Bread and beer, the wonder of yeast
Early mankind gathered grains, pounded the kernels to flour with stones, mixed it with water, sometimes adding other ingredients such as fat and salt, and baked it on a rock in the heat of the sun. The Egyptians were the first to bake leavened bread, and that was probably more or less by accident. We speculate that some Egyptian housewife left her bowl of bread dough sitting too long before baking it, and it collected wild yeast from the air, causing it to form bubbles and swell up a bit. When her husband finally showed up for supper, she didn’t have time to pound more grain into flour and start over again, so she baked the ruined dough (possibly thinking that if it made him sick he deserved it for being late– he’d probably been off with his cronies, up to no good, inventing beer.) The yeast, of course, caused the bread to be softer and lighter than what they were accustomed to, and the yeast had given it a new dimension of flavor.

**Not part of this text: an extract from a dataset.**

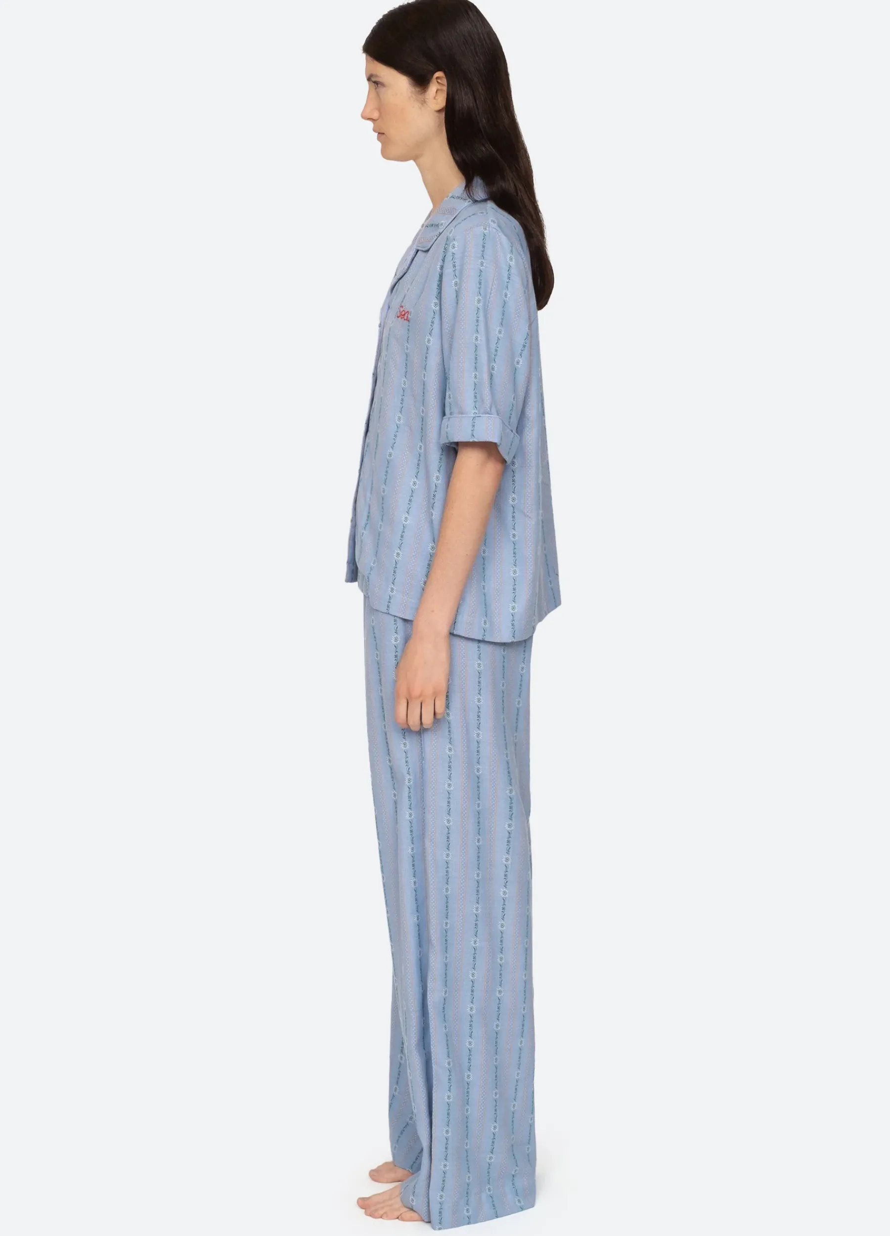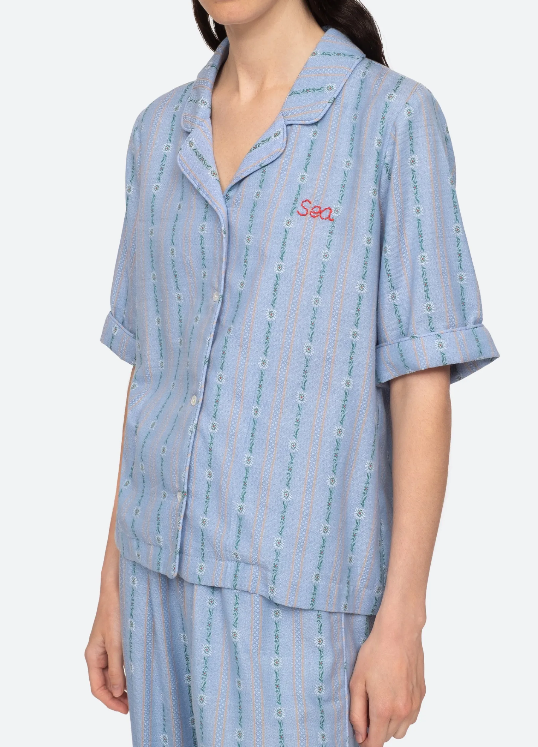 The Vellamo jacquard short sleeve pajama set features embroidered ‘SEA’ logo and piping detail.

It wasn’t long before other housewives discovered that, if they saved a little of the dough to mix with the next day’s bread dough, the yeast grew even faster. Some of the mixtures worked better and produced more flavorful bread than others, so housewives traded daubs of starter dough, passing the best ones on to friends and relatives, and down to the next generations. It wasn’t long before someone had the idea of developing a better method of baking the dough. What if it could be baked more quickly, at a higher temperature than what was achieved by a rock in the hot sun? Couldn’t the loaves then be thicker and softer with a nicely browned crust? It might have been the potter’s wife who experimented with baking her bread in her husband’s kiln; at a much lower temperature, of course, than was required for clay bowls and jugs.

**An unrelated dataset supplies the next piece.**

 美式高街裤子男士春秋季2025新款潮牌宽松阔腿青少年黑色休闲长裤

The Egyptian men had a more complicated process to refine before they successfully produced an acceptable beer. This process was possibly going on at about the same time in China and Babylonia and would later be passed on, by the Egyptians, to the Greeks who taught the Romans their secrets. Turning grain into beer has many more steps than the relatively simple process of bread-making, and took much longer to perfect.
Fermenting, or brewing, is the converting of starch in grain into sugar, then breaking down the sugar into alcohol and carbon dioxide. The grain must first be soaked, but because moisture causes the grain to ferment, causing heat, the soaking grain must be kept cool. The sprouting process develops enzymes that help turn the starch to sugar. Once that is achieved, the grain is heated to stop the sprouting at the proper stage, then crushed to release the starch. Water is added and carefully cooked to turn the starch to sugar. The mixture is then flavored with hops and additional sugars and molasses are added. As the mixture cools, yeast is added, which converts the sugars to alcohol and carbon dioxide. The yeast, a living fungus, is skimmed off and the liquid is stored in casks for aging. We now have beer. Is it any wonder those guys were late for supper so often? It must have taken ages, and a whole lot of failed experiments to figure out that complicated process. And no doubt, a few humdinger headaches as well.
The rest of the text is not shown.